2028 United States attorney general elections

10 attorney general offices
|  | Majority party | Minority party |
| Party | Republican | Democratic |
- Democratic incumbent Republican incumbent Term-limited Republican Incumbent TBD in 2026 No election

= 2028 United States attorney general elections =

The 2028 United States attorney general elections are scheduled to be held on November 7, 2028. The previous elections for this group of states took place in 2024.

These elections will be held concurrently with several other federal, state, and local elections.

== Race summary ==

| State | Attorney General | Party | First elected | Last race | Status | Candidates |
|---|---|---|---|---|---|---|
| Indiana | Todd Rokita | Republican | 2020 | 58.8% R | Incumbent's intent unknown | TBD |
| Missouri | Catherine Hanaway | Republican | 2025 (appointed) | 59.8% R | Incumbent's intent unknown | TBD |
| Montana | Austin Knudsen | Republican | 2020 | 59.7% R | Term-limited | TBD |
| North Carolina | Jeff Jackson | Democratic | 2024 | 51.4% D | Incumbent's intent unknown | TBD |
| Oregon | Dan Rayfield | Democratic | 2024 | 54.4% D | Incumbent's intent unknown | TBD |
| Pennsylvania | Dave Sunday | Republican | 2024 | 50.8% R | Incumbent's intent unknown | TBD |
| Utah | Derek Brown | Republican | 2024 | 57.8% R | Incumbent's intent unknown | TBD |
| Vermont | TBD in 2026 |  |  |  |  |  |
| Washington | Nicholas W. Brown | Democratic | 2024 | 55.6% D | Incumbent's intent unknown | TBD |
| West Virginia | JB McCuskey | Republican | 2024 | 70.0% R | Incumbent's intent unknown | TBD |

== Indiana ==
Attorney General Todd Rokita was re-elected in 2024 with 58.8% of the vote.

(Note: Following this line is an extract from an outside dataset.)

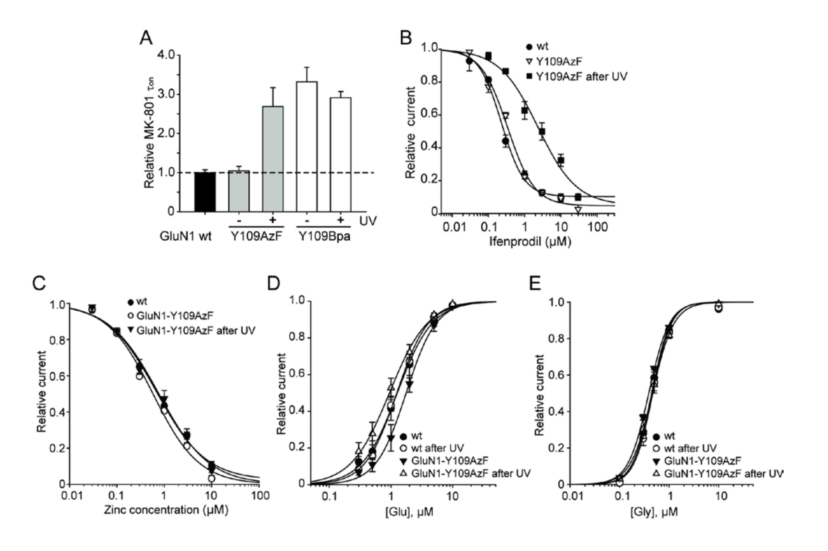 Fig. S2. Effect of UV treatment on the gating and pharmacological properties of GluN1-Y109AzF or GluN1-Y109Bpa incorporated receptors. (A) Relative MK-801 inhibition kinetics from oocytes expressing either wt GluN1/GluN2B receptors (1.00 ± 0.07; n=7), GluN1-Y109AzF/GluN2B receptors before (1.05 ± 0.11; n=7) and after (2.69 ± 0.48; n=9) UV treatment, or GluN1-Y109Bpa/GluN2B receptors before (3.32 ± 0.37; n=6) and after (2.91 ± 0.16; n=4) UV treatment. Error bars, S.D. (B) Ifenprodil sensitivity of wt GluN1/GluN2B receptors and GluN1-Y109AzF/GluN2B receptors before and after UV treatment. IC50 (µM), Hill coefficients (nH), maximal inhibition values are, respectively: 0.23 ± 0.02, 1.38, 0.90 for wt GluN1/GluN2B receptors; 0.34 ± 0.04, 1.18, 0.95 for GluN1-Y109AzF/GluN2B before UV, and 2.35 ± 0.34, 0.81, 0.95 after UV. n=3-4 for each group. (C) Zinc dose-response curves for wt GluN1/GluN2B receptors (IC50 = 0.68 μM, nH = 0.83, and Inhibitionmax = 0.98), GluN1-Y109AzF/GluN2B wt receptors before (IC50 = 0.58 μM, nH = 0.89, and Inhibitionmax = 1.00) and after (IC50 = 0.77 μM, nH = 0.82, and Inhibitionmax = 0.98) UV treatment. n=3-4 for each group. (D) Glutamate dose-response curves for wt GluN1/GluN2B receptors before (EC50 =1.27 μM, nH =1.52) and after UV (EC50 = 1.24 μM, nH = 1.69); for GluN1-Y109AzF/GluN2B wt receptors before (EC50 = 1.77 μM, nH = 1.78) and after (EC50 = 0.96 μM, nH = 1.40) UV treatment. n=3 for each group. (E) Glycine dose-response curves for wt GluN1/GluN2B receptors before (EC50 = 0.44 μM, nH = 2.3) and after UV (EC50 = 0.47 μM, nH = 2.3); for the GluN1-Y109AzF/GluN2B wt receptors before (EC50 = 0.39 μM, nH = 2.1) and after (EC50 = 0.46 μM, nH = 2.00) UV treatment. n = 3-4 for each group. Error bars, S.D |

He is eligible to run for re-election but has not yet stated if he will do so.

== Missouri ==
Attorney General Catherine Hanaway was appointed to the position after her predecessor Andrew Bailey resigned to become Co-Deputy Director of the Federal Bureau of Investigation. She is eligible to run for re-election but has not yet stated if she will do so.

== Montana ==
Attorney General Austin Knudsen was re-elected in 2024 with 59.7% of the vote. He is term-limited and ineligible to run for re-election.

== North Carolina ==
Attorney General Jeff Jackson was elected in 2024 with 51.4% of the vote. He is eligible to run for re-election but has not yet stated if he will do so.

== Oregon ==
Attorney General Dan Rayfield was elected in 2024 with 54.4% of the vote. He is eligible to run for re-election but has not yet stated if he will do so.

== Pennsylvania ==
Attorney General Dave Sunday was elected in 2024 with 50.8% of the vote. He is eligible to run for re-election but has not yet stated if he will do so.

== Utah ==
Attorney General Derek Brown was elected in 2024 with 57.8% of the vote. He is eligible to run for re-election but has not yet stated if he will do so.

== Vermont ==
Attorney General Charity Clark is running for re-election to a third term in 2026. Because Vermont does not have attorney general term limits in its Constitution, she will be eligible to run for re-election for a fourth term, should she win a third term in 2026.

== Washington ==
Attorney General Nick Brown was elected in 2024 with 55.6% of the vote. He is eligible to run for re-election but has not yet stated if he will do so.

== West Virginia ==
Attorney General JB McCuskey was elected in 2024 with 70.0% of the vote. He is eligible to run for re-election but has not yet stated if he will do so.